State Coastal Regulations

The State of Michigan has several regulatory programs for Great Lakes shorelines, as described below. The basis for many of these programs is the Natural Resources and Environmental Protection Act (Act 451 of 1994). Coastal-related rules, administered by the Department of Environment, Great Lakes and Energy (EGLE), are found in the following parts:

  • Part 303, Wetlands Protection
  • Part 323, Shorelands Protection and Management
  • Part 325, Great Lakes Submerged Lands
  • Part 353, Sand Dunes Protection and Management
  • Part 31, Water Resource Protection, and the National Flood Insurance Program

Wetlands provide habitat, flood control, groundwater recharging, erosion prevention, and can even treat pollution. In order to protect them, EGLE requires a permit and mitigation (and sometimes replacement) in order to disturb any of the following wetlands:

Connected to one of the Great Lakes or Lake St. Clair.
Located within 1,000 feet of one of the Great Lakes or Lake St. Clair.
Connected to an inland lake, pond, river, or stream.
Located within 500 feet of an inland lake, pond, river or stream.
More than 5 acres in size.
Additionally, some particularly important Great Lakes wetlands have an extra layer of protection under the “Environmental Areas” program, which has a very high bar to be approved for a permit.

>> Wetlands Program website

Shorelands Protection - High Risk Erosion Areas
Construction in High Risk Erosion Areas along the Great Lakes requires a joint permit from the Michigan Department of Environmental Quality and the Army Corps of Engineers. Required setbacks are measured from the “Erosion Hazard Line,” not the Ordinary High Water Mark as with other regulations. Smaller structures are permitted to be closer to the line than larger structures, and septic systems have very large required setbacks.
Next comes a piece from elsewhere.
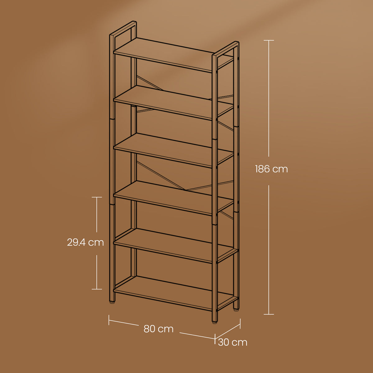 Boekenplank 6 niveaus, staande plank met stalen frame, vrijstaande plank 80 x 30 x 186 cm

>> High Risk Erosion Program website

Great Lakes Submerged Lands
The Great Lakes Submerged Lands Program regulates construction activities along 3,288 miles of Great Lakes shoreline and over 38,000 square miles of Great Lakes bottomlands. Typical projects regulated include filling, dredging, and structural alterations lakeward of the EOHWM. Most shore armoring structures such as seawalls, revetments, sandbags, and groins are regulated under this program, which have major implications for coastal resilience planning.

>> Submerged Lands website

Sand Dunes Protection - Critical Dunes
The Critical Dunes program protects about 29% of Michigan’s dunes. When originally adopted in 1989, it had extremely stringent standards, including prohibiting construction on the lakeward side of dunes. In 2012, the standards were relaxed, although the dunes are still protected in many ways.

>> Critical Dunes Program website

Water Resources Protection - Flood Hazard Management
The State of Michigan's Floodplain Regulatory Authority requires that a permit be obtained prior to any alteration or occupation of the 100-year floodplain of a river, stream or drain with a drainage area that is 2 square miles or greater.

>> Flood Hazard Management website

The Joint Permit Application (JPA) is for construction activities where the land meets the water covering permit requirements derived from state and federal rules and regulations. The JPA operates under three-tiers of permitting categories for regulated activities under NRPEPA Parts 301, 303, and 325. Additional categories also exist for floodplains under the authority of Part 31.